» **WHAT YOU NEED TO DO**: Leave out the pictures and set down the rest of the listing below word for word.

» **INFORMATION PROVIDED**:
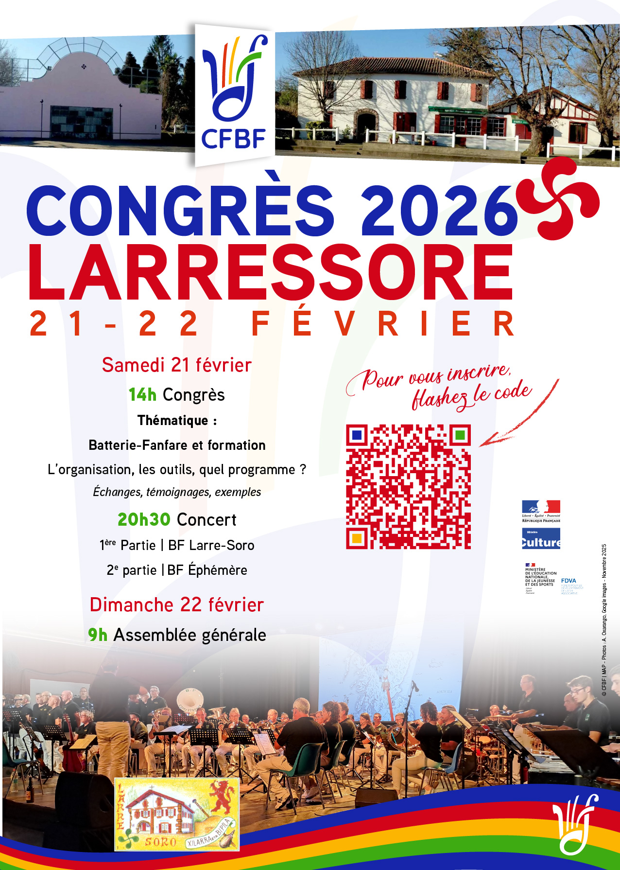 | Congrès CFBF | Cette année le congrès CFBF se décentralise au pays basque. Il se tiendra à Larressore. Prenez date ! | 1771632000 21.02.2026 23.02.2026 |
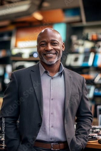 middle, aged, black, businessman, standing, proudly, front, electronic, store, tech, product, neatly, displayed, confident, smile, highlight, leadership, business, acumen
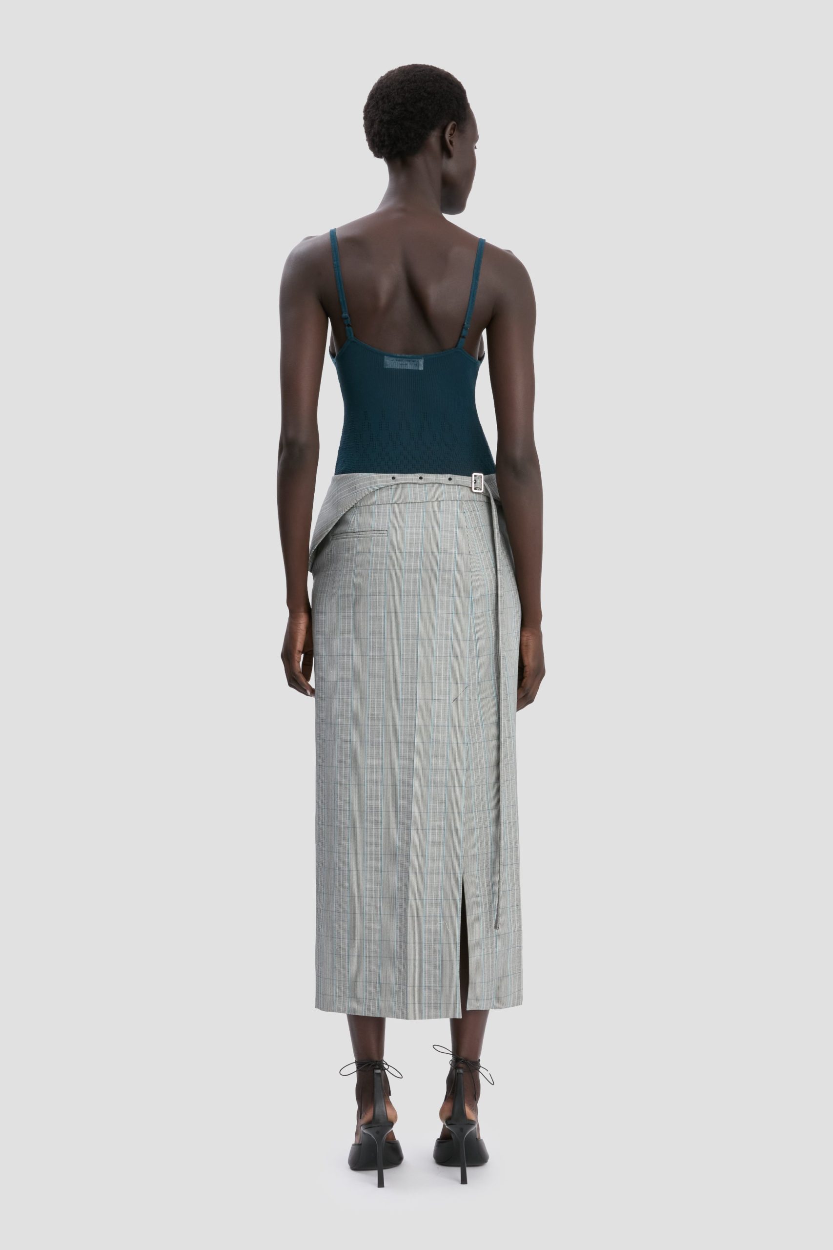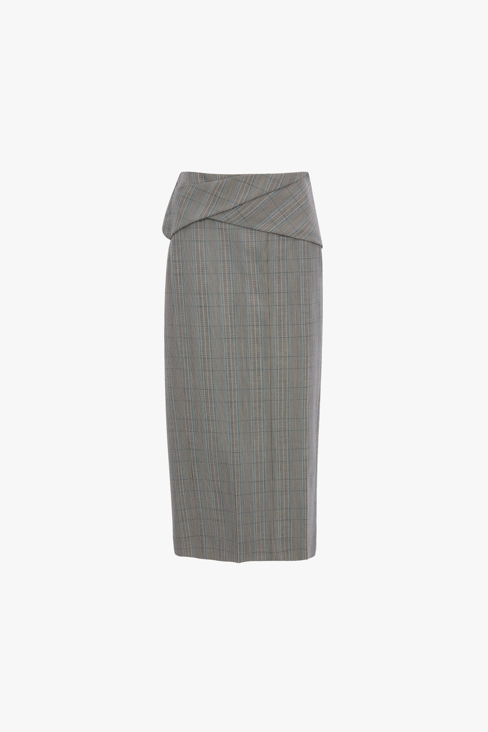 Crafted in Blue-Grey Check, the Wrap Skirt has a smart silhouette elevated with a faux wrap detail at the front. A back belt ensures a neat fit, while back welt pockets add a practical and attractive design detail.

» **TASK SOLUTION**:
 | Congrès CFBF | Cette année le congrès CFBF se décentralise au pays basque. Il se tiendra à Larressore. Prenez date ! | 1771632000 21.02.2026 23.02.2026 |
 middle, aged, black, businessman, standing, proudly, front, electronic, store, tech, product, neatly, displayed, confident, smile, highlight, leadership, business, acumen
 Crafted in Blue-Grey Check, the Wrap Skirt has a smart silhouette elevated with a faux wrap detail at the front. A back belt ensures a neat fit, while back welt pockets add a practical and attractive design detail.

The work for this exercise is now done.